Since GATE appears to be the simpler (at least older) of the two frameworks, I’ll start by examining this one in a bit more detail. GATE was originally based on the TIPSTER architecture (Grisham 97), but its core model was slightly revised in version 2 (one span per annotation, annotations as graphs). It’s this later version of the model that I’ll describe below. Note that I’ll be using Haskell as a sketching tool as usual, but it should be possible to ignore it outright.

Features and feature maps

At the heart of GATE annotations is notion of a feature map. Features in GATE are attribute-value pairs, with strings for the attributes, and arbitrary Java objects for values. GATE provides a map/dictionary interface to feature maps, so we can assume keys to be unique (as would be standard).

-- any Java object
data Java = forall a . Java a

type FeatureMap = Map String Java

Feature maps appear in at least three places, as data associated with:

individual annotations
documents as a whole
corpus of documents

Annotation DAGs

Building up from the notion of a feature is that of an annotation. The GATE document describe the annotations on a document as forming a directed acyclic graph. The nodes of the graph would be offsets into the document (between characters), and the edges would be annotations of all sorts, each annotation being labelled by an identifier, a type (eg. token, sentence), and a feature map adding additional information.

data Node = Node
    { nodeId     :: Int
    , nodeOffset :: Int -- between characters
    }

data Annotation = Annotation
    { annoId       :: Int
    , annoType     :: String -- eg. 'token', 'sentence'
    , annoStart    :: Node
    , annoEnd      :: Node
    , annoFeatures :: FeatureMap
    }

newtype AnnoSet = AnnoSet (Set Annotation)

For illustration, the graph below shows what the annotation DAG for the sentence “Cyndi savored the soup.” might look like. Note that the text of the sentence is not properly speaking part of the graph (standoff annotation), but are presented on the diagram, but are provided as a visual hint.

Documents and corpora

Now that we have a representation of features and annotations, the rest of the GATE model is a matter of packaging: a document associate text with annotations and metadata (eg. author), and a corpus is a set of documents plus additional metadata (eg. institution that harvested the corpus).

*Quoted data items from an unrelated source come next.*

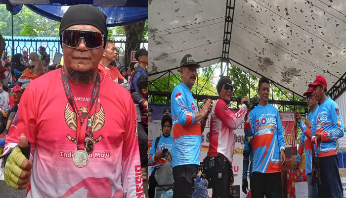 Usai menaklukkan rute yang disajikan panitia, akhirnya Thambada peserta asal Pekanbaru meraih medali. Lelaki berkulit gelap ini naik ke panggung dan dikalungkan medali, Minggu (5/5/2024).
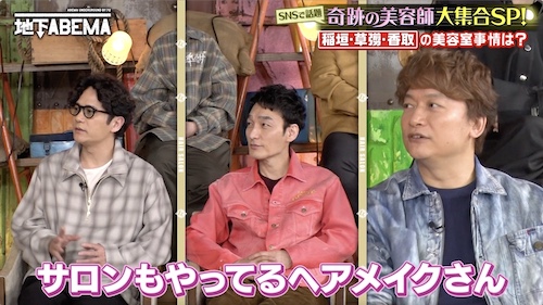 さらに番組では、EXIT・りんたろー。が稲垣、草彅、香取の美容室事情に迫る一幕も。「3人は美容室とか行かないんですか?」という質問に対し、香取が「(僕たちは)現場のヘアメイクさんの自宅とか、サロンもやってるヘアメイクさん(のところ)」と回答。貸切状態でカットしてもらっているという知られざるプライベートが明らかに。
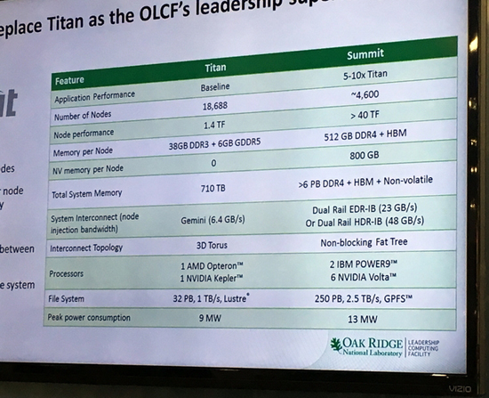 Лаборатория в Ок-Ридже опубликовала слайд, на котором Summit сравнивается с суперкомпьютером Titan, базирующимся на чипах Kepler GK110. Состоит он из 18688 узлов, мощность каждого из них составляет 1,4 терафлопса. На том же плакате указаны спецификации Summit: 4600 узлов с мощностью более 40 терафлопс на узел. Указано также, что в каждом узле будет 512 Гбайт памяти DDR4, 800 Гбайт энергонезависимой памяти и некий объём памяти HBM (речь, разумеется, идёт о HBM2). Основой каждого узла станут пара процессоров IBM POWER9 и шесть процессоров NVIDIA Volta. Чипы POWER9, помимо традиционных линий PCI Express (версия 4.0) имеют и 48 линий интерфейса Bluelink, который будет работать в режиме NVLink 2.0 и соединять их с процессорами Volta, что позволит процессорам различных архитектур делить общее пространство памяти, практически не теряя в скорости: пропускная способность может составлять от 80 до 200 Гбайт/с.
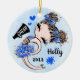 Niedliche, stilvolle und Girly fröhliche Weihnachtsbaumschmuck. Blaue Teamfarben. Mit einem Cheerleader Mädchen mit braunem Haardesign und einem Aquarellblau-Hintergrund. Mehr Teamfarben sowie Haar- und Hautfarben sind in meinem Shop erhältlich. Passen Sie Ihren Namen und das Jahr an. Große Geschenke und Beistand für Cheerleader, Cheer Teams und Coaches.
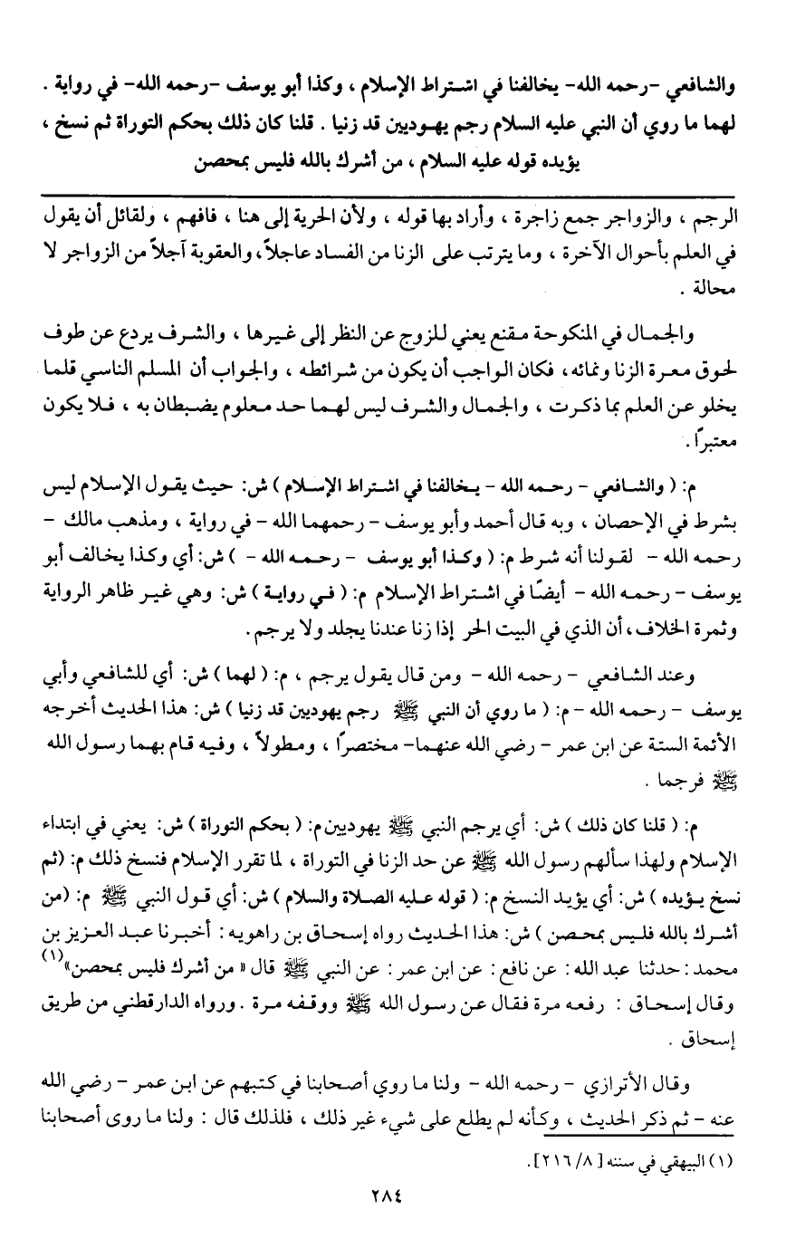 والشافعي - رَحِمَهُ اللَّهُ - يخالفنا في اشتراط الإسلام، وكذا أبو يوسف - رَحِمَهُ اللَّهُ - في رواية. لهما ما روي «أن النبي - عَلَيْهِ السَّلَامُ - رجم يهوديين قد زنيا» . قلنا كان ذلك بحكم التوراة ثم نسخ، يؤيده قوله - عَلَيْهِ السَّلَامُ -، «من أشرك بالله فليس بمحصن» .

Looking a bit closer into the documents, it’s worth noting how annotations are not necessarily all lumped together but grouped into multiple annotation sets. I’m not sure what the implications of these is from a modelling standpoint, but it would make sense if we want to explicitly model the fact that annotations come from different sources. For example, you might associate each annotation set with metadata like the tool or annotator that produced it, or its annotation schema.

data Document = Document
    { docContent     :: Text
    , docFeatures    :: FeatureMap
    , docAnnotations :: NonEmptySet AnnoSet
    }

data Corpus = Corpus
    { corpusDocs     :: NonEmptySet Document
    , corpusFeatures :: FeatureMap
    }

-- we can imagine a variant of the Set data structures
-- that enforces there being at least one member
type NonEmptySet = Set

Summary

Taking a very broad view of the GATE model as I understand it, we can say that it makes the following implicit choices:

substrate : text/characters
typology : annotations on text (like Glozz units)
spans : contiguous, one per annotation
features : attribute-value dictionary; rich values

Drilling down a little bit, we can understand the model as having four layers:

corpus: set of documents, features
document: text, (set of) set of annotations, features
annotation: type, span, features
features: rich attribute-value pairs

Notes and comments

It’s worth noting the use of arbitrary value types on features (not necessarily atomic). I’d be curious to see what sorts of values GATE features tend to take in practice. So far, I’ve seen strings and lists of strings, but I wonder if it ever gets more sophisticated than that. Do you have trees? Maybe some sort of recursive feature structure scheme?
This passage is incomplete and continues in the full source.